Salesforce Data Cloud est une CDP intégrée à la suite ; une CDP indépendante fonctionne sans licence supplémentaire d’un autre produit du même éditeur. Data Cloud donne sa pleine valeur avec les autres clouds Salesforce. Une CDP hybride réunit unification, messagerie et IA dans un seul système. Les écarts portent sur la vitesse de déploiement (semaines contre mois), le modèle de tarification (licence unique contre plusieurs clouds) et l’origine de l’architecture (construite d’un bloc contre assemblée par acquisitions).
Comment Salesforce Data Cloud se compare-t-il à Adobe Real-Time CDP ?
Les deux produits sont des CDP intégrées à une suite et de génération 3 (Agentic CDP), donc le choix se décide sur l’écosystème déjà en place : les clouds CRM de Salesforce ou la suite expérience d’Adobe.
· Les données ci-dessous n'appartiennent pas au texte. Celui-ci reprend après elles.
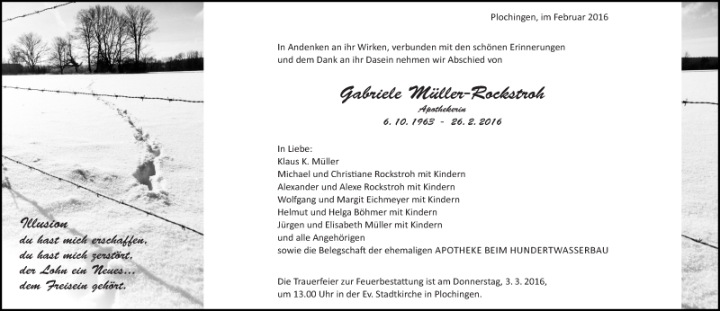 Hier finden Sie alle Traueranzeigen aus der Zeitung, die bisher für Gabriele Müller-Rockstroh erschienen sind. Weitere Traueranzeigen, die in der Zeitung erscheinen, werden hier ebenfalls aufgelistet

Salesforce active par Marketing Cloud, avec Einstein et Agentforce ; Adobe Real-Time CDP active par Journey Optimizer et impose le modèle de données XDM d’Adobe Experience Platform. Pour le détail de la comparaison (gouvernance, capacités d’IA, direction de la dépendance), voir Adobe Real-Time CDP.
Salesforce Data Cloud est-il la bonne CDP pour mon organisation ?
Salesforce Data Cloud est la bonne CDP quand l’entreprise est déjà investie dans Salesforce côté CRM et côté marketing, et le mauvais choix hors de cet écosystème. Choisissez-le pour des profils de vision client 360° natifs de Sales Cloud et d’Agentforce, avec des déclencheurs en temps réel dans toute la stack Salesforce. Écartez-le si le CRM et la stack marketing de l’entreprise viennent d’un autre éditeur.
Quelles sont les alternatives à Salesforce Data Cloud ?
Les principales alternatives à Data Cloud sont les CDP qui ne sont pas intégrées à une suite : une seule plateforme, un seul contrat, une architecture pensée pour l’IA et une mise en service en semaines plutôt qu’en mois. Les Composable CDP forment une option dans ce groupe, avec le data warehouse comme socle et le reverse ETL pour pousser les données vers les outils d’activation. En France, la comparaison porte sur Treasure AI, Adobe Real-Time CDP, Hightouch, imagino et DinMo.